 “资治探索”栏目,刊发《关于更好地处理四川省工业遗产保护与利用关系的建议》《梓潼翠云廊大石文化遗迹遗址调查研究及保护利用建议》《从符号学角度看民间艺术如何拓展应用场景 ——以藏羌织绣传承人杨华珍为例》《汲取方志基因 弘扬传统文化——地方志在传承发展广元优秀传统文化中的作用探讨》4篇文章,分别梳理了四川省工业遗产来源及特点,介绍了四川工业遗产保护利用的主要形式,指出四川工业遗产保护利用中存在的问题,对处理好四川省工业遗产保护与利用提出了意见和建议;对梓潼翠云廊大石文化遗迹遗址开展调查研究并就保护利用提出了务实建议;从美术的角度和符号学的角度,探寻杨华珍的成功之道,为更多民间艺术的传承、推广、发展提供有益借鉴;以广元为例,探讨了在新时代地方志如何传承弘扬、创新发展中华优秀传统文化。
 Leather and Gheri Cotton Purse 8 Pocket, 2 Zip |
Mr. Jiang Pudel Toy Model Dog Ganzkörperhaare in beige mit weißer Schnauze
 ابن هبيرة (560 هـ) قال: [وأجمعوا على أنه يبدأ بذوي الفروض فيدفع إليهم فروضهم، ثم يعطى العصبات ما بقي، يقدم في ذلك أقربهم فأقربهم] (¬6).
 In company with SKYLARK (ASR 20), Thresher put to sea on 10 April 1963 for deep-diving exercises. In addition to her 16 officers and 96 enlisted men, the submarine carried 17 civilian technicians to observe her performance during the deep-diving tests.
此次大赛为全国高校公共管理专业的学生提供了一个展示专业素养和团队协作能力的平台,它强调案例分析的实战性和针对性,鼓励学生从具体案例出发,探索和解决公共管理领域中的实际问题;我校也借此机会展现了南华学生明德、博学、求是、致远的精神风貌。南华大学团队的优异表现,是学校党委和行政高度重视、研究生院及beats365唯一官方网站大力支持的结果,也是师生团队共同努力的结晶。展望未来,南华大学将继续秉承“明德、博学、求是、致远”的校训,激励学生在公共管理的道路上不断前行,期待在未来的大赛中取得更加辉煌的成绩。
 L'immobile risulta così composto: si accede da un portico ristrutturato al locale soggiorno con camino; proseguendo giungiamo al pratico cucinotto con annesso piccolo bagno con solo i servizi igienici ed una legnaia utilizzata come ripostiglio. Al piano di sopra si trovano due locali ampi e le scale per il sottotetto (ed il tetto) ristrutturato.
■ ■ ■ ■
* **Task prompt**
Begin with the first line of the listing above and write out each line exactly, ending with the line that contains "ابن هبيرة (560".

* **Solution to the problem**
 “资治探索”栏目,刊发《关于更好地处理四川省工业遗产保护与利用关系的建议》《梓潼翠云廊大石文化遗迹遗址调查研究及保护利用建议》《从符号学角度看民间艺术如何拓展应用场景 ——以藏羌织绣传承人杨华珍为例》《汲取方志基因 弘扬传统文化——地方志在传承发展广元优秀传统文化中的作用探讨》4篇文章,分别梳理了四川省工业遗产来源及特点,介绍了四川工业遗产保护利用的主要形式,指出四川工业遗产保护利用中存在的问题,对处理好四川省工业遗产保护与利用提出了意见和建议;对梓潼翠云廊大石文化遗迹遗址开展调查研究并就保护利用提出了务实建议;从美术的角度和符号学的角度,探寻杨华珍的成功之道,为更多民间艺术的传承、推广、发展提供有益借鉴;以广元为例,探讨了在新时代地方志如何传承弘扬、创新发展中华优秀传统文化。
 Leather and Gheri Cotton Purse 8 Pocket, 2 Zip |
Mr. Jiang Pudel Toy Model Dog Ganzkörperhaare in beige mit weißer Schnauze
 ابن هبيرة (560 هـ) قال: [وأجمعوا على أنه يبدأ بذوي الفروض فيدفع إليهم فروضهم، ثم يعطى العصبات ما بقي، يقدم في ذلك أقربهم فأقربهم] (¬6).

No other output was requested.